We are omitting a few things here, have a look at the source code documentation if you are interested!

These are all the methods you need to implement when creating a custom dataset. The most important one is the download() method. Here you implement the download of the raw protein data (and possibly annotation files).

For our example we download the data from AlphaFoldDB. The aim is to have a collection of .pdb files in the dataset root directory. By convention, we put these files into f'{self.root}/raw/files', although you can put them anywhere.

def download(self):
    base_url = 'https://ftp.ebi.ac.uk/pub/databases/alphafold/latest/'
    file_name = 'UP000000625_83333_ECOLI_v4.tar'
    download_url(base_url+file_name, self.root+'/raw')
    extract_tar(self.root+'/raw/'+file_name, self.root+'/raw/files')
    for path in glob.glob(self.root+'/raw/files/*.pdb.gz'):
        unzip_file(path)

Hint

download_url(), extract_tar(), unzip_file(), uniprot_query()

We use a few convenience functions provided by ProteinShake here. They come from the utils module, check it out!

Hint

ProteinShake provides general classes for AlphaFoldDB and RCSB PDB which implement the download logic. For this tutorial we write everything from scratch, but if your data comes from these databases we recommend basing your dataset on the provided classes.

Let’s say we are interested in DNA binding and want to know whether a protein binds DNA or not. To retrieve the annotations, we will query UniProtKB.

def download(self):
    ...
    self.annotations = uniprot_query('organism_id:83333', 'ft_dna_bind')

Here, organism_id:83333 is a UniProt query that will return all E.coli proteins. We request the ft_dna_bind column, which is the DNA-binding information. The data is stored in a dictionary that is accessible via the UniProt ID. We will use this later in the annotation step.

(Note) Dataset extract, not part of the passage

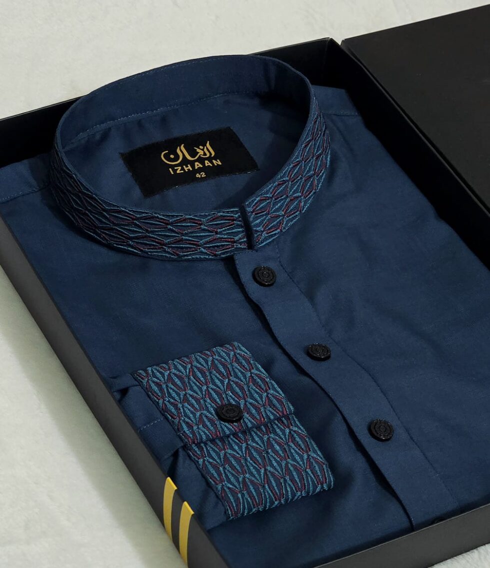 • Breathtaking embroidery embellishing the collar, upper chest, and cuffs

Next, we need to tell ProteinShake where to find the .pdb files. We do this by implementing get_raw_files() which returns a list of paths to each file.

def get_raw_files(self):
    return glob.glob(self.root+'/raw/files/*.pdb')

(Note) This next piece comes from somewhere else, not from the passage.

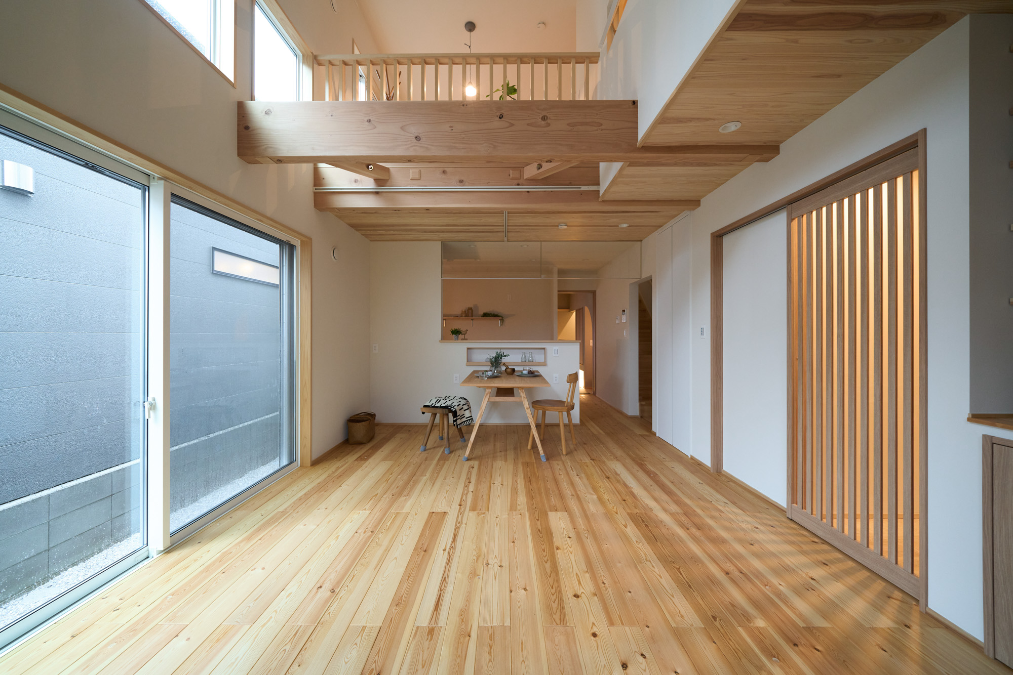 開催日 9月27日(土)・28日(日) 開催時間 10:00〜 / 14:00〜 自然素材の心地よさと、和の趣を取り入れたモダンな住まいをご希望された建主様。モデルハウス「とと」をご覧になり、将来を見越して暮らしやすい“平屋+α”の間取りを採用されました。梁や天井の杉無垢板張りが映えるリビング、床の間とヌックを備えた和室、そしてスプーンカットの床のやさしい足触りなど、見どころが随所に散りばめられています。子供部屋として2部屋に可変できるファミリースペースやこもれる書斎など、家族の暮らし方やこれからの変化にも柔軟に対応できる、ずっと暮らしやすいお住まいが完成いたしました。 こんな方におすすめのお住まい 1階完結型の平屋のように暮らせる間取りを検討している方 木の質感や自然素材にこだわりたい方 回遊動線や家事効率を重視する共働き世帯の方 将来的な家族の変化に対応できる住まいをお考えの方 自分たちの生活にフィットする収納や設備にこだわりたい方 リモートワーク主体で書斎をつくりたい方 和室をお考えの方 見どころポイント 無垢のあらわし梁と天井の杉板張りなど心地よいリビング空間 造作デスクを備えたR壁のヌック 落ち着いた和室デザイン 将来的に2部屋に仕切れる、開放的なファミリースペース 出入りの際に便利な玄関の木製ベンチ 足裏に心地よいスプーンカット仕上げの床材 2方向へと続く快適な玄関からの動線 衣類が見やすく取り出しやすいクローゼット 集中できる「こもれる書斎」スペース 生活感を隠せるトイレの目隠し収納 開催日時 9月27日(土)・28日(日) 10:00〜 / 14:00〜 開催場所 最寄駅JR青梅線/小作駅徒歩19分 集合場所 【健幸工房シムラ】にご来店いただき、個別にご案内いたします。 完全予約制となります。 お電話【0428-33-9555】または【予約フォーム】にてお申し込み下さい。 ※)設計打ち合わせ中のお客様は、設計担当者にお問い合わせください。 ※)お客様の大切なお家をお借りしての見学会です。 抱っこの赤ちゃん以外の、小学生以下のお子様は無料託児サービスをご利用いただくか、ご家族交代でのご見学をお願いいたします。 託児サービスは満員となることがございます。お早めにご予約ください。 託児サービス 無料予約制 『子供と一緒だとゆっくり見られない』『走り回って傷をつけないか心配』という声を受けて、シムラの見学会では無料託児サービスを実施!専任のシッターがお子様を責任持ってお預かりいたします。見学会ご予約の際にお申し込みください。 託児予約 予約フォームまたはお電話 託児場所 健幸工房シムラ / スタジオ棟2F あそび場 予約締切 託児のお申込みは見学希望日の2営業日前の15:00まで 予約時の注意 お子様のお名前・性別・年齢(月齢まで)をご記載ください。 アレルギーや持病、その他配慮が必要なお子様に関する情報も些細なことでも構いませんので必ずお知らせください。 ※託児をご希望の場合、お子様のお名前・性別・年齢(月齢まで)をお伝えください。 ※水分やオムツなど持参品にお名前をご記入の上、ひとまとめにしてお渡しください。 ※託児キャンセルの際は、ご連絡をお願いいたします。 ※アレルギーや持病、その他配慮が必要なお子様に関する情報も些細なことでも構いませんので必ずお知らせください。 ※託児サービスは満員となることがございます。お早めにご予約ください。 Concept シムラが目指すのは「健やかで幸せに暮らせる家。」 こだわりの自然素材と木のぬくもりに包まれて 家族が生きていく。育っていく。身近な暮らしづくりをお手伝いさせて頂けたなら、私たちも幸せです。 シムラの家づくりへ

ProteinShake also needs a unique ID to reference each individual protein, which we parse from the file name (in AlphaFoldDB files, this is the UniProt accession ID):

def get_id_from_filename(self, filename):
    return filename.split('-')[1]

Lastly, the annotation step is implemented in the add_protein_attributes method. Here we add the annotation to the protein_dict of each individual protein.

Note

The protein_dict is the central storage item in ProteinShake. It contains the coordinates, meta data, and all annotations. See the Dataset source code documentation.

def add_protein_attributes(self, protein_dict):
    uniprot_id = protein_dict['protein']['ID']
    if not uniprot_id in self.annotations: return
    dna_binding = self.annotations[uniprot_id]['DNA binding']
    protein_dict['protein']['DNA binding'] = not dna_binding is None
    return protein_dict

Tip

You can use the add_protein_attributes() method for filtering: if it returns None, the protein will be removed from the dataset.

That’s it! ProteinShake will now take care of downloading, parsing, cleaning and storing your data. The whole code now looks like this:

import glob
from proteinshake.datasets import Dataset
from proteinshake.utils import *

class DNABindingDataset(Dataset):

    def download(self):
        base_url = 'https://ftp.ebi.ac.uk/pub/databases/alphafold/latest/'
        file_name = 'UP000000625_83333_ECOLI_v4.tar'
        download_url(base_url+file_name, self.root+'/raw')
        extract_tar(self.root+'/raw/'+file_name, self.root+'/raw/files')
        for path in glob.glob(self.root+'/raw/files/*.pdb.gz'):
            unzip_file(path)
        self.annotations = uniprot_query('organism_id:83333', 'ft_dna_bind')

    def get_raw_files(self):
        return glob.glob(self.root+'/raw/files/*.pdb')

    def get_id_from_filename(self, filename):
        return filename.split('-')[1]

    def add_protein_attributes(self, protein_dict):
        uniprot_id = protein_dict['protein']['ID']
        if not uniprot_id in self.annotations: return
        dna_binding = self.annotations[uniprot_id]['DNA binding']
        protein_dict['protein']['DNA binding'] = not dna_binding is None
        return protein_dict

Neat, right? You can use it like any other ProteinShake dataset:

dataset = DNABindingDataset()

Tip

If you are happy with your custom dataset, consider contributing it!

A custom task

A dataset becomes truly valuable when you define how to evaluate a model on it. In ProteinShake, this is called a task. It comprises train/test/validation splits and metrics that assess the performance of the model. The metrics depend on the label(s) that you are interested in.

We will create a task based on our custom DNABindingDataset. An empty task looks like this:

class Task:

    DatasetClass = None
    type = None
    input = None
    output = None

    def target(self, protein):
        raise NotImplementedError

    def evaluate(self, y_true, y_pred):
        raise NotImplementedError

First we need to tell ProteinShake which dataset this task is based on. For this we assign the DatasetClass class attribute:

class DNABindingTask(Task):
    DatasetClass = DNABindingDataset

Then there are a few key properties that define how a task is structured. The properties are type, input and output. Models can query these attributes to make task-specific decisions, such as the number of output neurons, or the type of loss to be used.

class DNABindingTask(Task):
    ...
    type = 'Binary Classification'
    input = 'Protein'
    output = 'DNA Binding'

Note

The type and input attribute have to follow a convention. See the task documentation for details.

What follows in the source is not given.